Читаем Работы о Льве Толстом полностью

Итак, художественное внимание Толстого сосредоточено на методах разложения, опрощения и разоблачения душевной жизни в противовес прежнему изображению слитного потока чувств. Ряд романтических шаблонов, как война, Кавказ и т. д., подвергается тому же действию. После военных очерков особенности художест­венной манеры Толстого настолько определяются, что улавливаются критиками. А. В. Дружинин пишет в это время Толстому: «Есть у вас поползновение к чрез­мерной тонкости анализа, которое может разрастись в большой недостаток.

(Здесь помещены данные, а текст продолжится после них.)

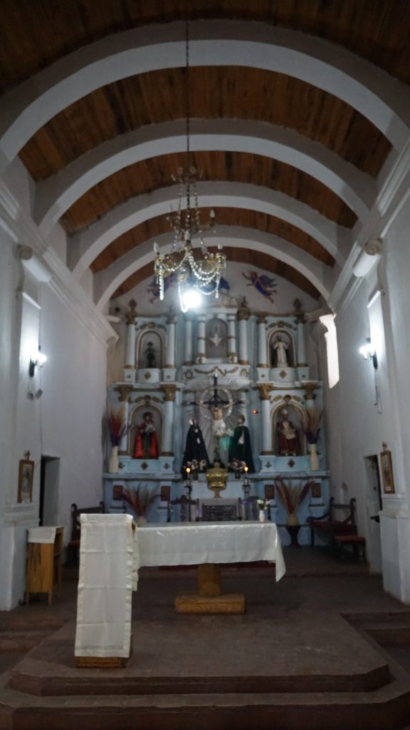 Nachtrag: Wir befinden uns in der Nähe des Nationalparks Cordones (Kandelaberkakteen). Das Dach der Kirche, sowie viel Interior wurden aus dem Holz der Kakteen erstellt. Auch die Straßenschilder bestehen aus diesem Holz

Ино­гда вы готовы сказать: у такого-то ляжка показывала, что он желает путешествовать по Индии». Очень верно определил приемы психологического анализа Толстого Чернышевский, написавший в «Современнике» 1856 г. статью по поводу вышедших тогда отдельными изданиями «Детства» и «Отрочества» и «Военных рассказов». «Психологический анализ может принимать различные направления: одного по­эта занимают всего более очертания характеров; другого — влияние общественных отношений и житейских столкновений на характеры; третьего — связь чувств с действиями; четвертого — анализ страстей; графа Толстого всего более — сам пси­хический процесс, его формы, его законы, диалектика души, чтобы выразиться определительным термином... Внимание графа Толстого более всего обращено на то, как одни чувства и мысли развиваются из других... обыкновенно нам представ­ляются только... начало и конец психического процесса... Особенность таланта графа Толстого состоит в том, что он не ограничивается изображением результатов психического процесса: его интересует самый процесс, — и едва уловимые явления этой внутренней жизни, сменяющиеся одно другим с чрезвычайною быстротою и неистощимым разнообразием, мастерски изображаются графом Толстым». Эту особенность Чернышевский объясняет самоуглублением Толстого, его неутомимым наблюдением над самим собою.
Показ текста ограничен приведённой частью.